[[ RECORDS open ]]

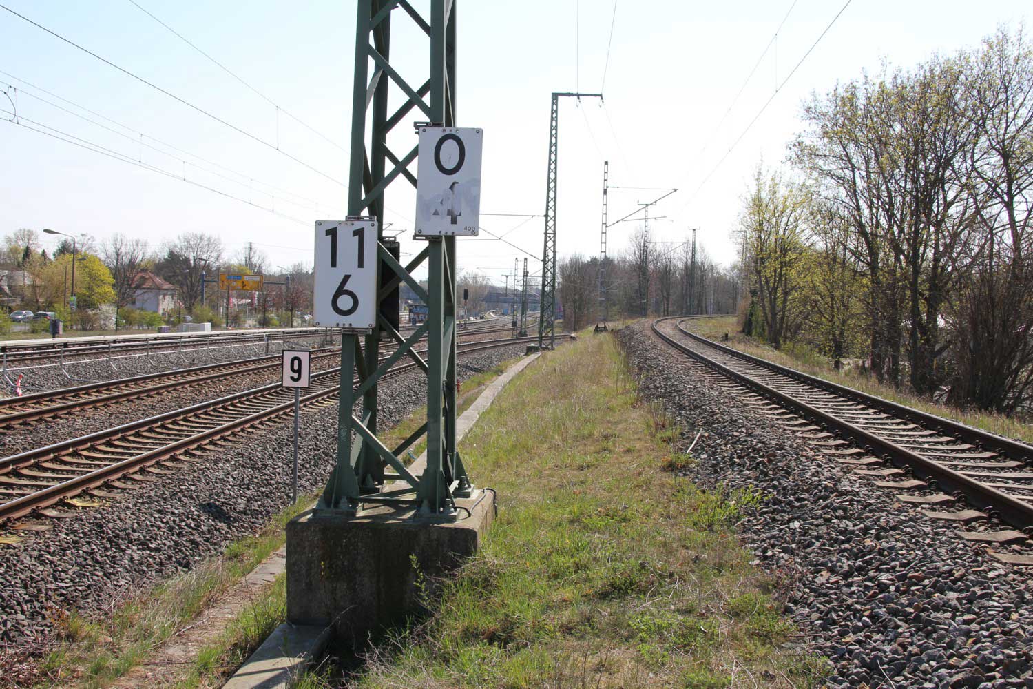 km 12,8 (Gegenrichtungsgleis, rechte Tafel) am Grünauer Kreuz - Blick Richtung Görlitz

[[ RECORDS closed ]]
[[ RECORDS open ]]

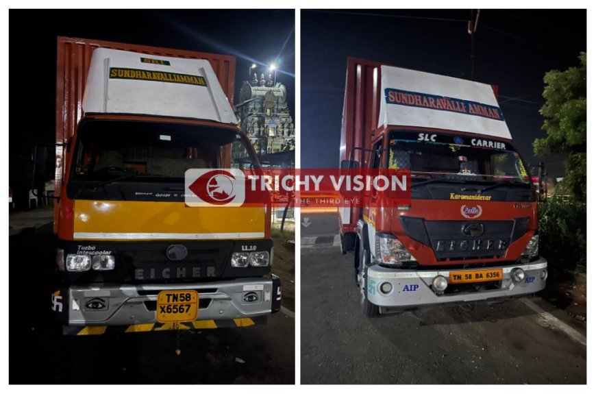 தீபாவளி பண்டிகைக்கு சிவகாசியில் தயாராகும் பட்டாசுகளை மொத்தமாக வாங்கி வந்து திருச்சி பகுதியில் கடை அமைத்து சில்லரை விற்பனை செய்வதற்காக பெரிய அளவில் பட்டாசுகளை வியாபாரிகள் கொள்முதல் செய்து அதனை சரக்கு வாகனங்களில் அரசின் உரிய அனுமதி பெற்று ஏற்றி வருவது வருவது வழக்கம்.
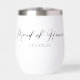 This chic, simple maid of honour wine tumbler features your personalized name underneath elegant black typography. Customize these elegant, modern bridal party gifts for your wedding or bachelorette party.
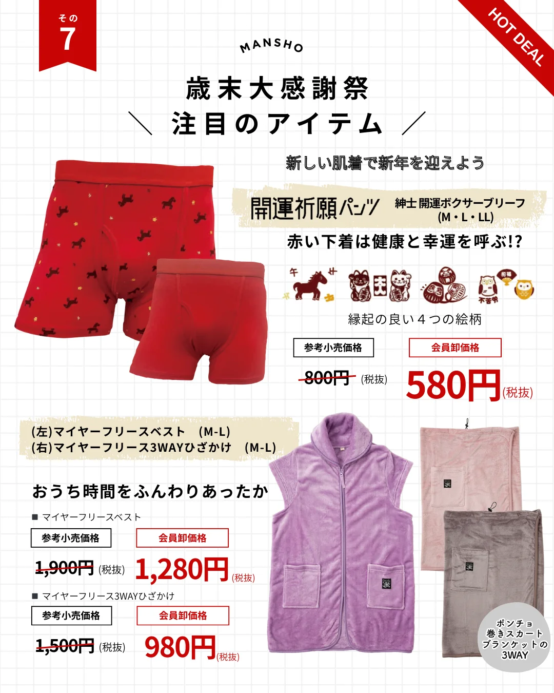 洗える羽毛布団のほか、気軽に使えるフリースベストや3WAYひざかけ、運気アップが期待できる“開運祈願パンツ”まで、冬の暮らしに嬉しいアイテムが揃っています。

[[ RECORDS closed ]]
[[ RECORDS open ]]

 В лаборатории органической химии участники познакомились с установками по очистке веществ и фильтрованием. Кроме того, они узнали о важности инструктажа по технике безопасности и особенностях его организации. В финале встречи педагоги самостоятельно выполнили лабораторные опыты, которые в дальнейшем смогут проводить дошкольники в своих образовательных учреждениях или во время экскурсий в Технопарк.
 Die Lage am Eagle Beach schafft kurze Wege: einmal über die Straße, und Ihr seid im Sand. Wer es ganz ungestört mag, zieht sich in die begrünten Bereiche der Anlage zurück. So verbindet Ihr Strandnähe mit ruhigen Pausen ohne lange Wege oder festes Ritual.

[[ RECORDS closed ]]

▶ TASK DETAILS
With the pictures omitted, print the lines above exactly, beginning at the line with "This chic, simple" and going on through the line with "洗える羽毛布団のほか、気軽に".

▶ WRITTEN ANSWER
 This chic, simple maid of honour wine tumbler features your personalized name underneath elegant black typography. Customize these elegant, modern bridal party gifts for your wedding or bachelorette party.
 洗える羽毛布団のほか、気軽に使えるフリースベストや3WAYひざかけ、運気アップが期待できる“開運祈願パンツ”まで、冬の暮らしに嬉しいアイテムが揃っています。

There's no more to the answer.